The umbrum followed. “Really, if I’d known you would be foolish enough to abandon your kingdom for a single, measly pony, I would have planned this better!” It snorted a puff of smoke in the princess’s face.

Amore coughed but didn’t stray. She winced at the sharp pebbles digging into her coat and carried on. She honed her focus. She needed to get Cobalt home. Nothing else mattered.

“But of course a saccharine whore like you would be blinded by emotion. Willing to risk everything you hold dear for one meaningless life.” The umbrum’s face pressed close to Amore’s. “Was it worth it?

She thought of Cobalt’s family. Imagined seeing their relieved faces when he arrived home. Or the closure they would have from at least being able to send him off.

“And look at you now. Broken. Powerless. Alone. Couldn’t even save the one you risked everything for. And now you’re at our mercy.” A vast chorus of moans and whispers closed in from higher up.

She thought of Citrine Star and Primrose and everypony in the Empire. Every face she had sworn to protect. Every promise she would break if she stopped now.

“It will take some time for us to recover enough for another attack, but with you out of the way?” The umbrum’s grin split its face in half. “Nothing will stop us. Your home is ours for the reaping. Just as you reaped ours.”

She thought of her own parents.

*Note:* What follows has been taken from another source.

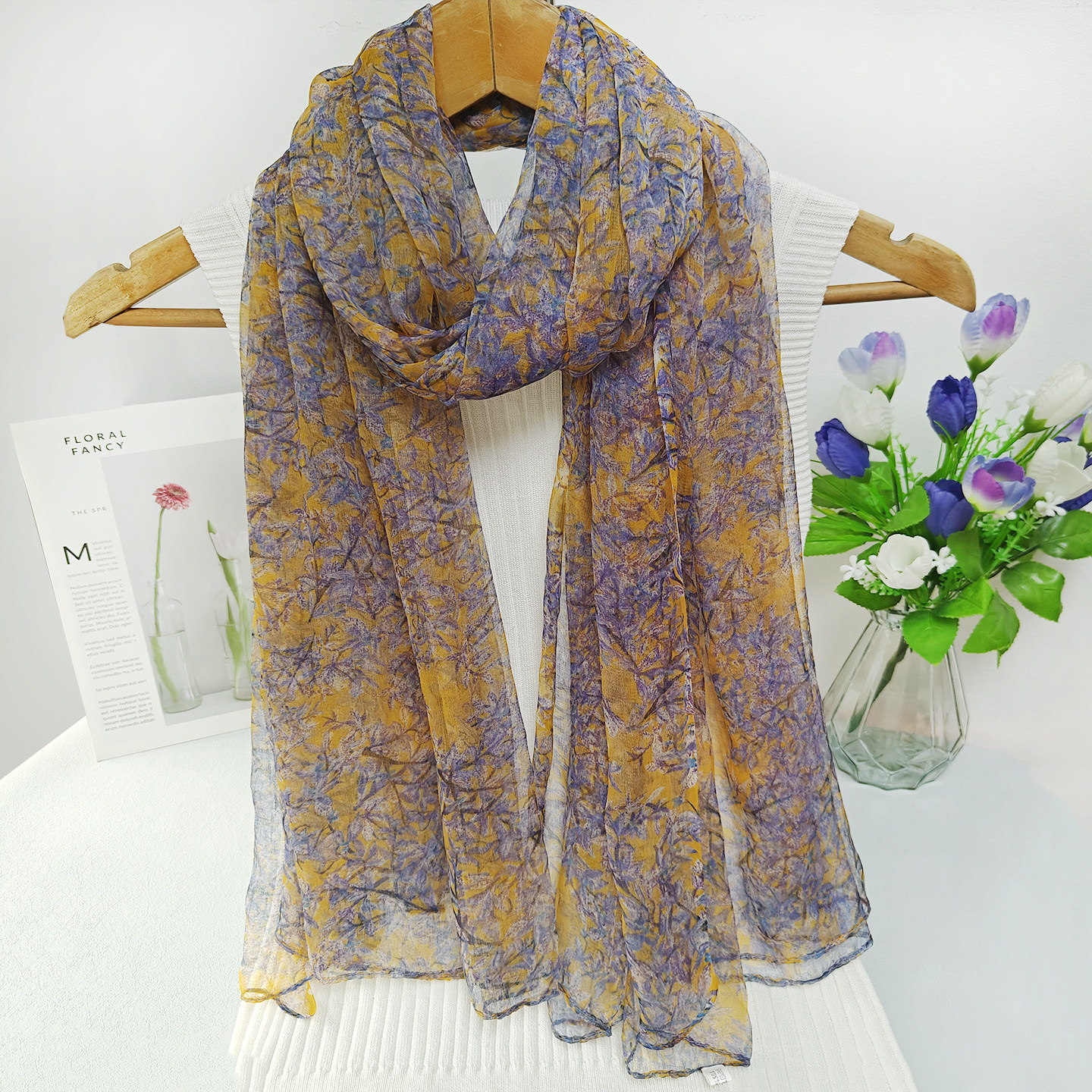 杭州丝绸印花真丝丝巾桑蚕丝纱巾夏秋季长款百搭披肩女薄款长围巾

How proud they would have been of what she’d built. How much they’d believed in her. How disappointed they would have been if it ended like this.

“Of course, even if you hadn’t removed yourself from the equation, our plan was already too far along. It was sealed from the moment that oaf fell for our trap.” Dark appendages manifested from everywhere, inching closer.

She reached Cobalt. Pulling him into a maternal embrace, she thought lastly of the Crystal Heart. The connection that she didn’t fully grasp but nevertheless cherished. Her duty to help the relic protect everyone. Her reliance on it to be her guide in the darkest hours. She called to it in a silent plea, for that was all she could do.

“Face it,” the umbrum spat. “You have failed!” The horde of shadow-beasts descended on her.

But they were too late.

An intense blue flash detonated around her. It rang through the abyss, suffocating all noise in a blissful choir. She saw not what became of the umbrum. All of her attention was on holding her friend close and allowing the Crystal Heart’s warmth to envelop them like a fresh blanket. The ringing in her ears intensified, rising to a deafening pitch. For an eternal moment, she couldn’t tell whether she was alive or dead.

Her entire body loosened, and exhaustion punched through her a thousandfold. The light swallowed her whole, and she fell asleep in its cradle.